2019年3月26日火曜日

<原発事故8年> 自主避難者に迫る退去期限 苦境に

 福島県は17年3月、自主避難者への住宅無償提供を終了し、緩和策として国家公務員宿舎の入居者には低額な家賃での2年間の入居継続を認めました。退去期限迫るなか6都府県12カ所の宿舎で暮らす149世帯のうち71世帯は転居先が決まっていません
 県4月以降も住み続ける場合、損害金として2倍の家賃を請求するとしています。転居先に公営住宅を希望しても競争率が高く入居が難しいのが現実です。また生活のために長時間勤務を強いられ、家賃の安い物件を探す余裕がない人もいます。
 
 国は12年に議員立法で「原発事故子ども・被災者支援法」を制定しましたが、「子どもに特に配慮し、居住、避難、帰還を被災者の意思で選択できるよう適切に支援する」理念は立派なものの、安倍政権は具体的な支援策を立ててはいません。
 
 被災者は「国も福島県も相手任せ、責任のなすりつけ合い。
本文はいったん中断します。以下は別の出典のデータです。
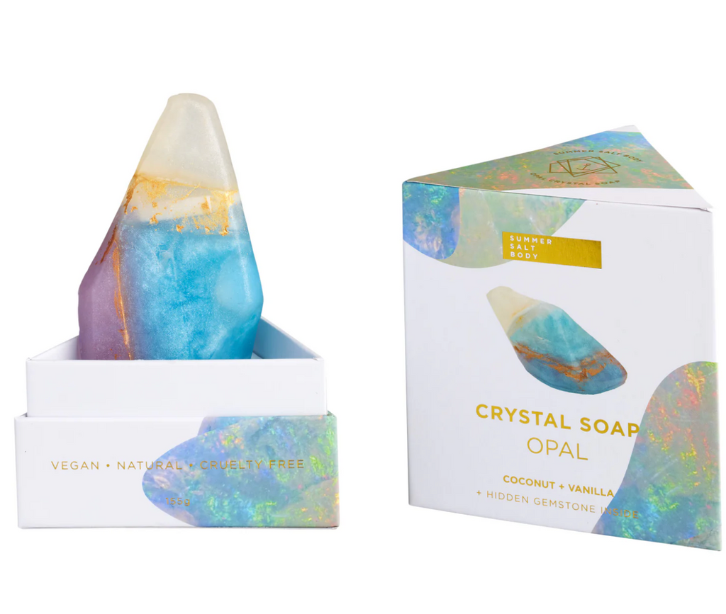 Inspired by the Opal stone, this Crystal Soap is a luxurious way to wash and cleanse your skin. Hidden inside? A genuine opalite gemstone to treasure. Opal is known to inspire originality and boost creativity. The energies of this stone will also encourage you to express your true self. You will feel confident and comfortable in your own skin, and this will radiate in your words, thoughts, and actions. Opal is a karmic stone that will show you that everything you put out there in the universe has a way of coming back to you. Ingredients Aqua, Sorbitol, Sucrose, Sunflower Oil, Glycerine, Stearic Acid, Coconut Oil, Natural Coconut Fragrance, Vanilla Essential Oil, Propylene Glycol (food grade) Blue 4 (Cl 42090), Violet 2 (Cl 60725), Bronze Powder (Cl7740000).

被災者の権利はあっても、予算も実施主体も分からない最悪のパターン」「原発事故は国の責任。被害者の切り捨てはおかしい」と語っています。
 また福島に対しては、自主避難者の実態調査をしようとせず帰還を前面に打ち出すのでは、「かえって県が貧困をつくり出しているのではないか」との声も上がっています
 
 河北新報が自主避難者の窮状を報じました。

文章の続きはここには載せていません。